Publisher: Oxford University Press
ISBN: 0199095493
Category : Political Science
Languages : en
Pages : 322
Book Description
Since India attained independence, its foreign policy discourse has imagined its South Asian neighbourhood through the politics of realism. This imagination explicates state interest in South Asia by establishing it as a space of sovereign territoriality. Even today, India’s foreign and security policies are primarily shaped by geopolitical centrism, and remain unaffected by economic prosperity and community concerns. As a part of the Oxford International Relations in South Asia series, this volume examines alternative conceptions of South Asian space in terms of geo-economics and community, and justifies why they have been unable to replace its dominant understanding, irrespective of the political regime. This volume probes reasons behind the relevance of differentiated cartography of territorial nationalism in our shared understanding of space, politics, society, and the community.

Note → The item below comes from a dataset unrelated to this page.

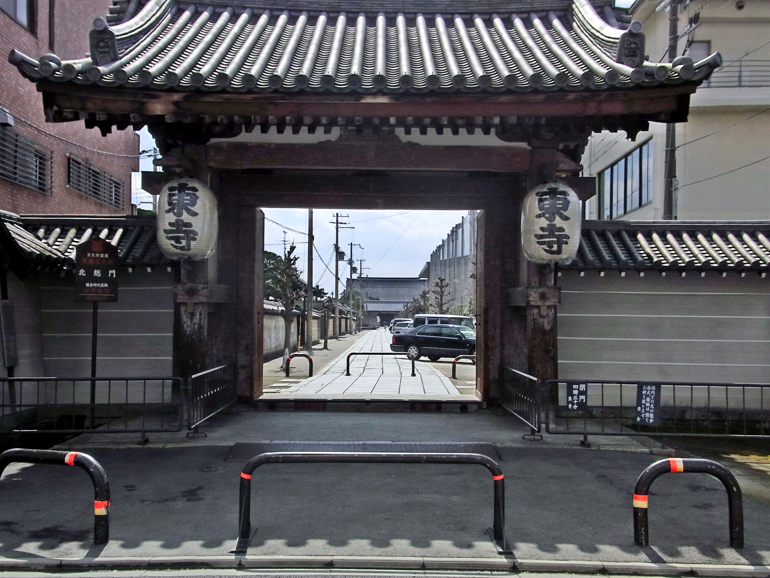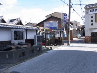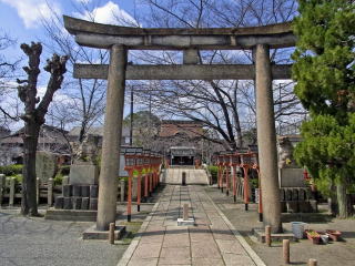 | 千本通が七条で行き止まりなので、梅小路公園の中を通って、大宮通まで出て来て、JRの線路の 下を潜った所が八条通で、そこを西へ進みます。東寺の北門の前を過ぎたら、八条壬生川の角に 六孫王神社があります。 地図 |

Imagining Chinese Medicine
Author:
Publisher: BRILL
ISBN: 9004366180
Category : Medical
Languages : en
Pages : 541
Book Description
A unique collection of 36 chapters on the history of Chinese medical illustrations, this volume will take the reader on a remarkable journey from the imaging of a classical medicine to instructional manuals for bone-setting, to advertising and comic books of the Yellow Emperor. In putting images, their power and their travels at the centre of the analysis, this volume reveals many new and exciting dimensions to the history of medicine and embodiment, and challenges eurocentric histories. At a broader philosophical level, it challenges historians of science to rethink the epistemologies and materialities of knowledge transmission. There are studies by senior scholars from Asia, Europe and the Americas as well as emerging scholars working at the cutting edge of their fields. Thanks to generous support of the Wellcome Trust, this volume is available in Open Access.
Publisher: BRILL
ISBN: 9004366180
Category : Medical
Languages : en
Pages : 541
Book Description
A unique collection of 36 chapters on the history of Chinese medical illustrations, this volume will take the reader on a remarkable journey from the imaging of a classical medicine to instructional manuals for bone-setting, to advertising and comic books of the Yellow Emperor. In putting images, their power and their travels at the centre of the analysis, this volume reveals many new and exciting dimensions to the history of medicine and embodiment, and challenges eurocentric histories. At a broader philosophical level, it challenges historians of science to rethink the epistemologies and materialities of knowledge transmission. There are studies by senior scholars from Asia, Europe and the Americas as well as emerging scholars working at the cutting edge of their fields. Thanks to generous support of the Wellcome Trust, this volume is available in Open Access.